Charles Manyuchi (born 19 November 1989) is a Zimbabwean professional boxer who briefly held the WBC Silver welterweight title.

Manyuchi made his professional debut in 2009, and won the ABU welterweight title in 2013. In 2014, he won the WBC International welterweight title against Patrick Allotey. He successfully defended his WBC crown in Lusaka against Devis Caceres. He was awarded the Zimbabwe's Sports Person of the Year accolade in 2014. He made another successful defense of the WBC International belt against Gianluca Frezza, in the latter's native Italy.

Manyuchi further advanced his career by beating Dmitry Mikhailenko in Yekaterinburg for the WBC Silver title. Manyuchi won the fight by unanimous decision (118-110, 116–114, 115–113).

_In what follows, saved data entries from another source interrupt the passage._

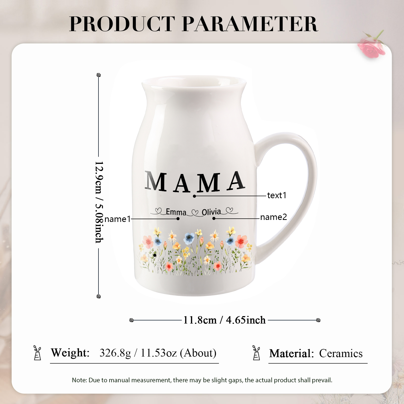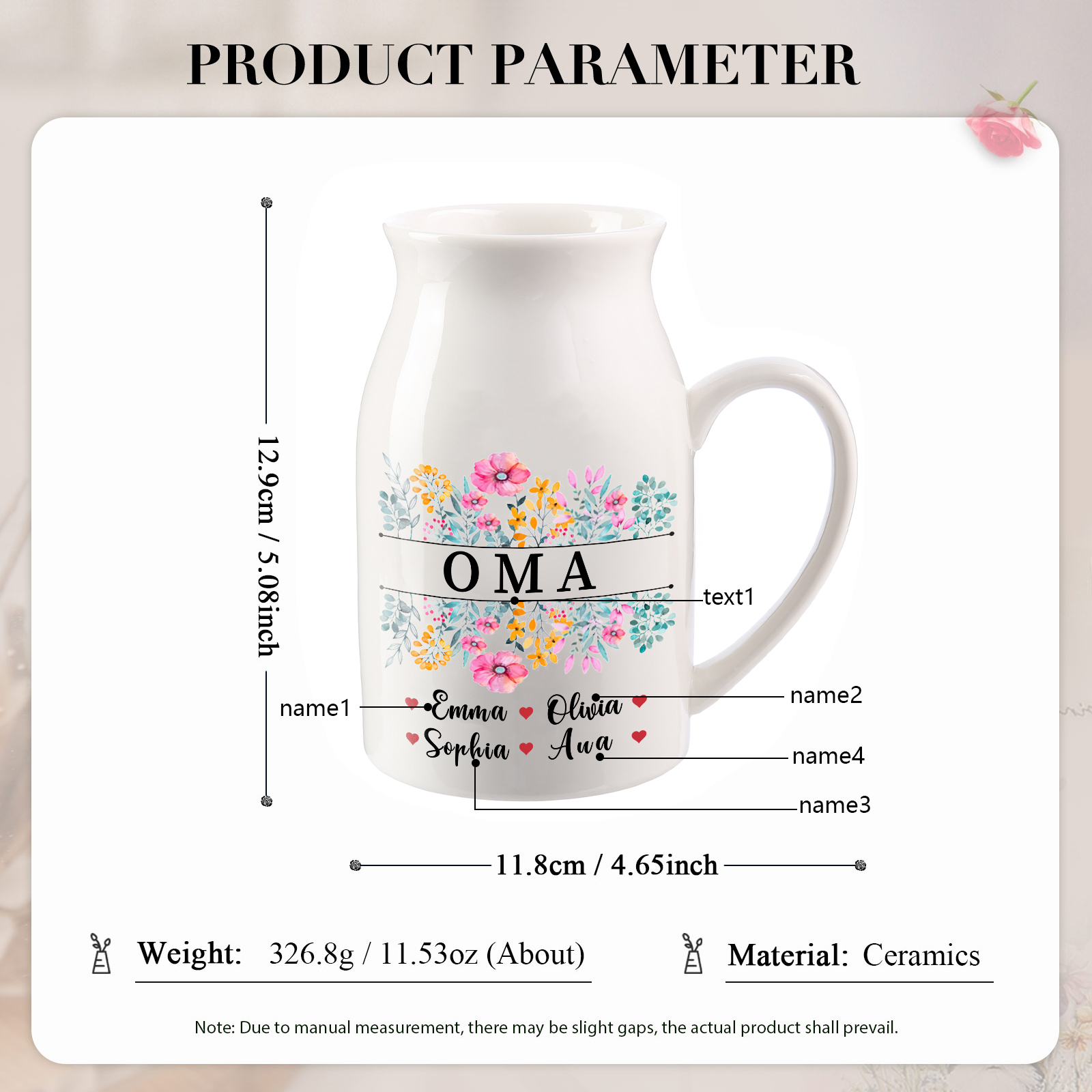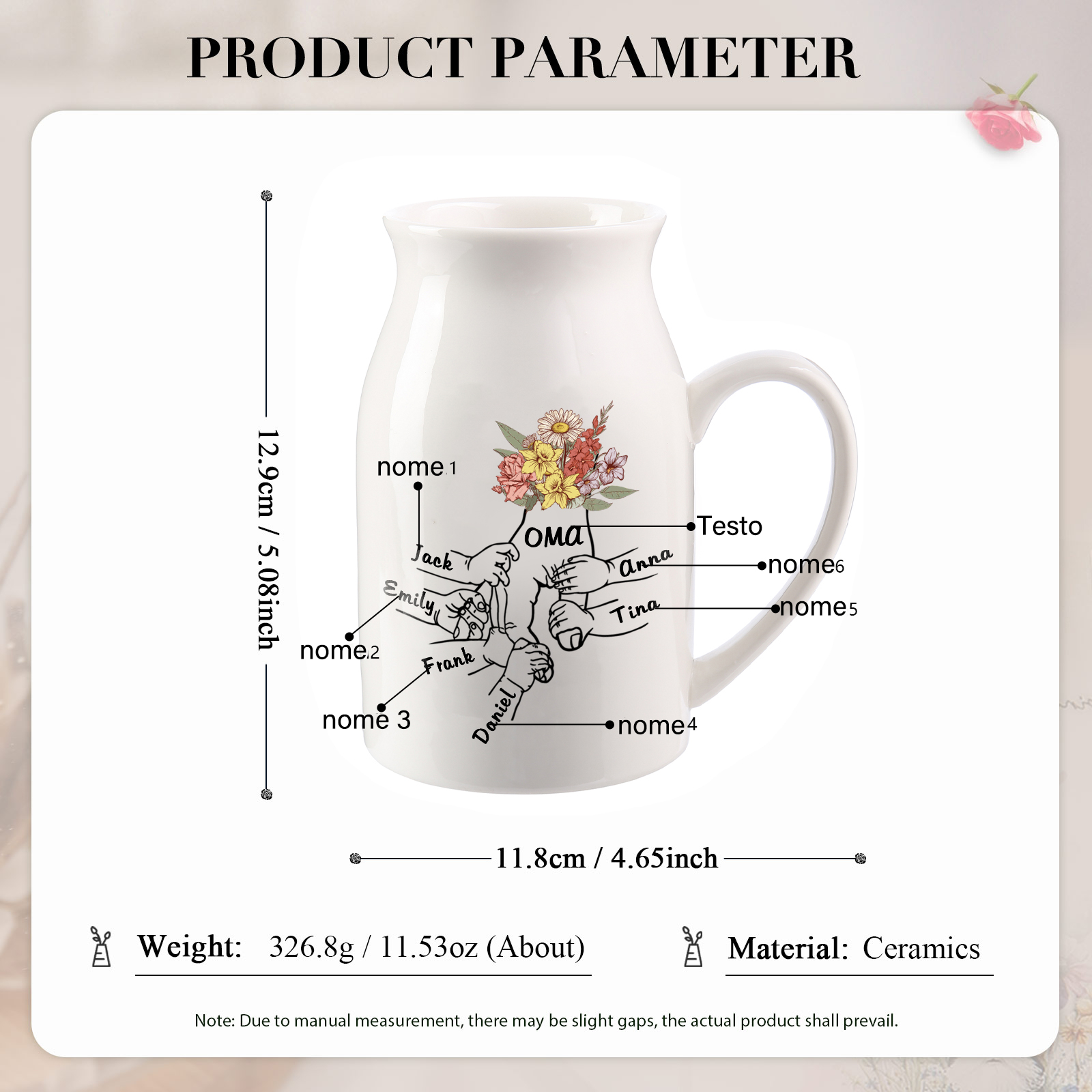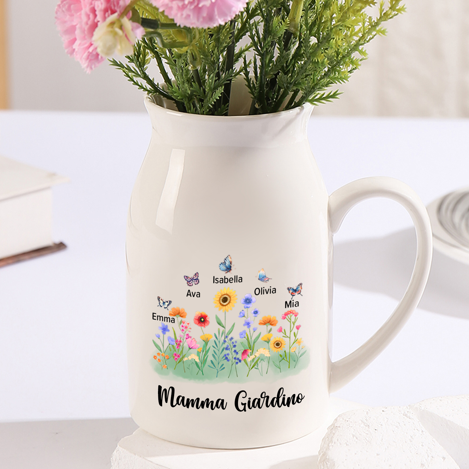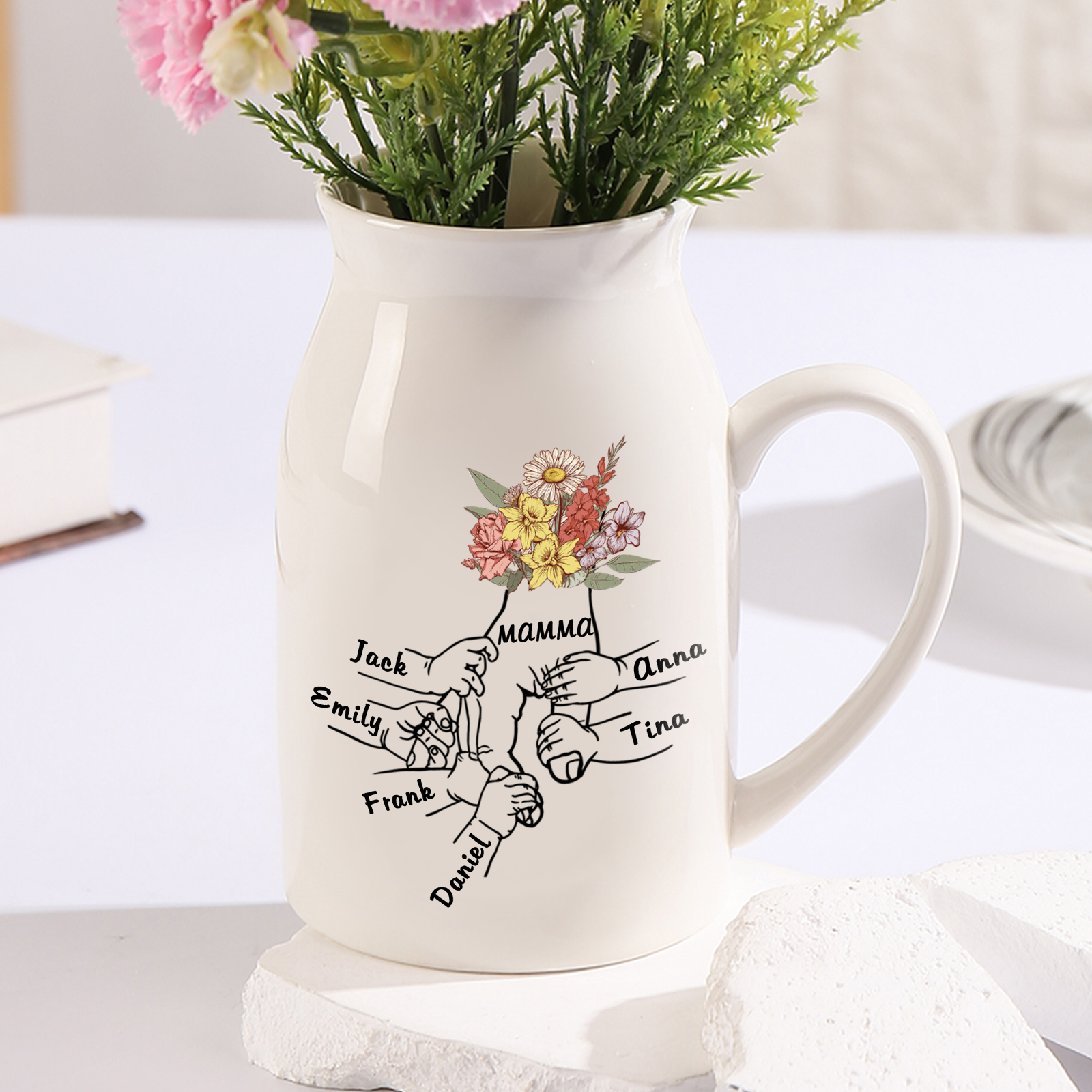 Vaso di ceramica con mano passando il fiore 7 nomi personalizzati per nonna/mamma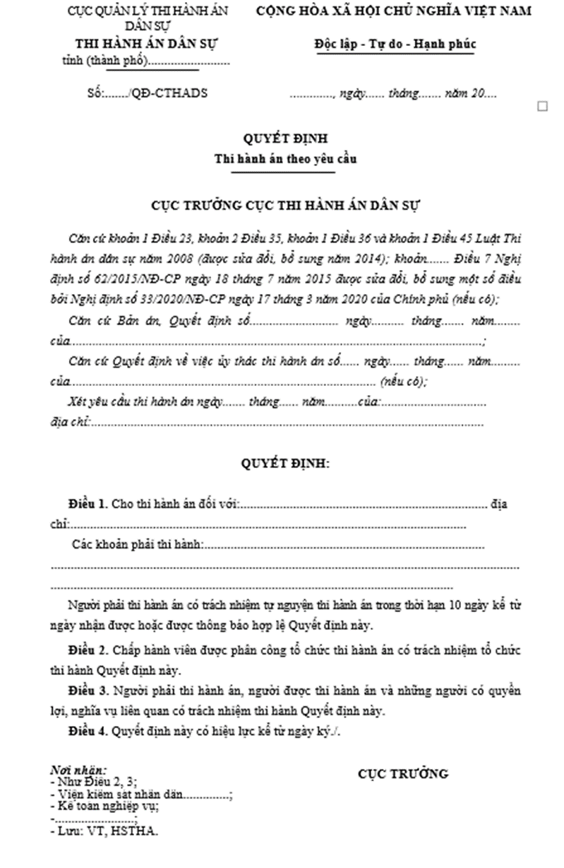 1. Ra Quyết định thi hành án theo yêu cầu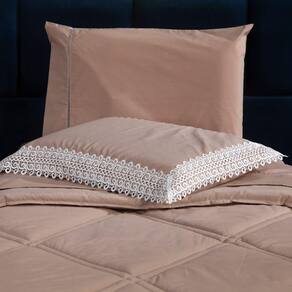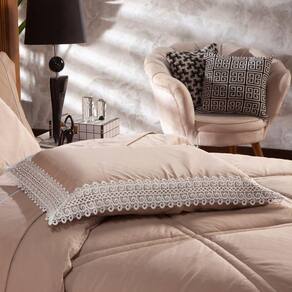 A nova coleção Florença traz toda a sofisticação e aconchego. Por possuírem dupla face, apresentam superfície que valoriza ainda mais as cores, confeccionado em pantográfica computadorizada com lindos desenhos geométricos no edredom! Composto em tecido Percal 200 Fios 80% algodão super macio com 200g de enchimento, agregando ainda mais para seu conforto! Acompanhando também um porta-travesseiro com detalhes no acabamento em Guipir super moderno! Com a aplicação da renda Guipir se tem mais sofisticação e elegância, bonito e delicado para investir em uma decoração, totalmente em alta e é uma peça presente nas roupas e objetos decorativos por sua fácil composição e delicadeza, podendo facilmente ser utilizada em diversos ambientes para a decoração da casa, deixando tudo muito mais bonito e com um toque romântico. Ideal para decorar, trazer conforto e tornar o quarto ainda mais convidativo e elegante! Confira!

Manyuchi's run of 17 consecutive victories came to an end against Kudratillo Abdukakhorov. Abdukakhorov proved to be too much for Manyuchi, beating him with a first round technical knockout (TKO) after dropping him twice. Manyuchi mocked Abduqaxorov prior to the fight, saying that he was "in a different league" while his manager claimed they were already planning to fight for the WBC world title. Abdukakhorov claimed Manyuchi was "overconfident".

Manyuchi has since gone into the middleweight division and he is the current WBF Middleweight Champion after knocking out Argentina's Diego Gallardo in Harare.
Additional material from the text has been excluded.